Ripley v. Yale

16 Vt. 257 | Vt. | 1844

The opinion of the court was delivered by

Hebard, J.

The plaintiff, in argument, assumes the ground that the defendant has no legal interest in the premises, — and that he, having the legal title and the right to possession, in contemplation of law has the possession; — and this, in argument, results from the assumed fact that the relationship of landlord and tenant existed between the plaintiff and defendant. It is a general principle of law that the gist of the action of trespass qu. clans, fregit is the injury to the possession; and that, unless the plaintiff, at the time the injury was committed, was in the actual possession of the premises, the action cannot be supported. Stuyvesant v. Tompkins, 9 Johns. 61. Campbell v. Arnold, 1 Johns. 511. Wheeler v. Hotchkiss, 10 Conn. 225. Tobey v. Reed, 9 Conn. 216. 1 Chit. Pl. 175. There is, however, a qualification that attaches to this general principle of law. The owner of land, in the possession of a tenant at will, may maintain this action for a permanent injury to the freehold ; but this is upon the ground that the possession reverts to the owner, upon the commission of the tortious act which determines the lease.
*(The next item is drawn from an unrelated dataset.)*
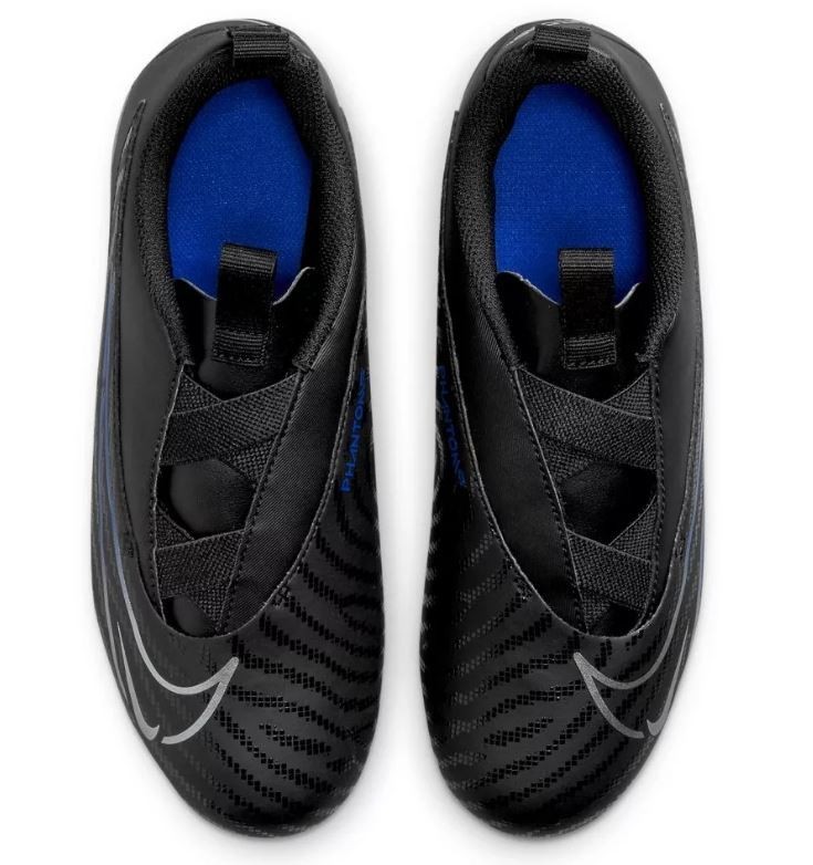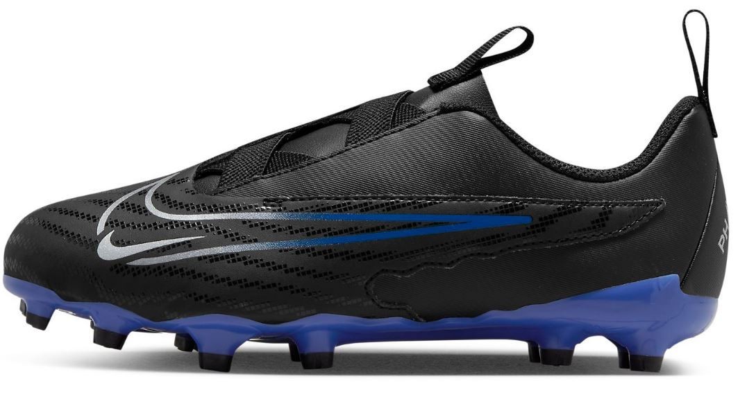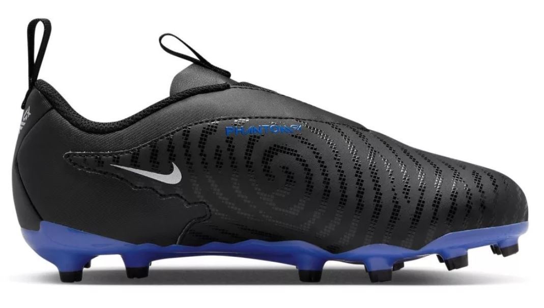 Las Nike JR Phantom GX Academy DF FG/MG presentan un diseño completamente negro con detalles en plata y azul, la suela combina tacos cilíndricos y triangulares para ofrecer una mayor tracción sobre el terreno de juego, el material sintético con la que esta fabricada ofrece un gran ajuste al pie y un suave golpeo de balón además de no llevar cordones para ofrecer una superficie limpia de golpeo con el balón.

Whether Yale can be regarded as a tenant, in any sense of the term, is not very clear. He went into possession of the land under a contract, of purchase, and paid a part of the purchase money, and claimed the land as his own. No rent was reserved, and none was due; — and in no way, expressly or impliedly, did he acknowledge any one to be his landlord. He entered as unconditionally, and as untrammeled by terms, as if the deed had accompanied the possession. Then there was no contract between the defendant and Bly in the first instance, which would create a tenancy ; and if one was created, it was by operation of law.

*261But whether he was, in any view of the case, a tenant of Bly, we think he cannot be regarded as the tenant of Ripley. The case of Wheeler v. Hotchkiss, 10 Conn. 225, is in point. The present case, in one respect, is different from the cases which have been cited. The plaintiff never was in possession of the premises, and he, therefore, only stands in the character of a bargainee, and therefore the possession of Yale, if he had been the tenant at will of Bly, would not be the possession of the plaintiff, so as to enable him to maintain this action, — and more especially as the contract was by parol.

We are clearly of opinion that the judgment of the county court was correct, and must be affirmed.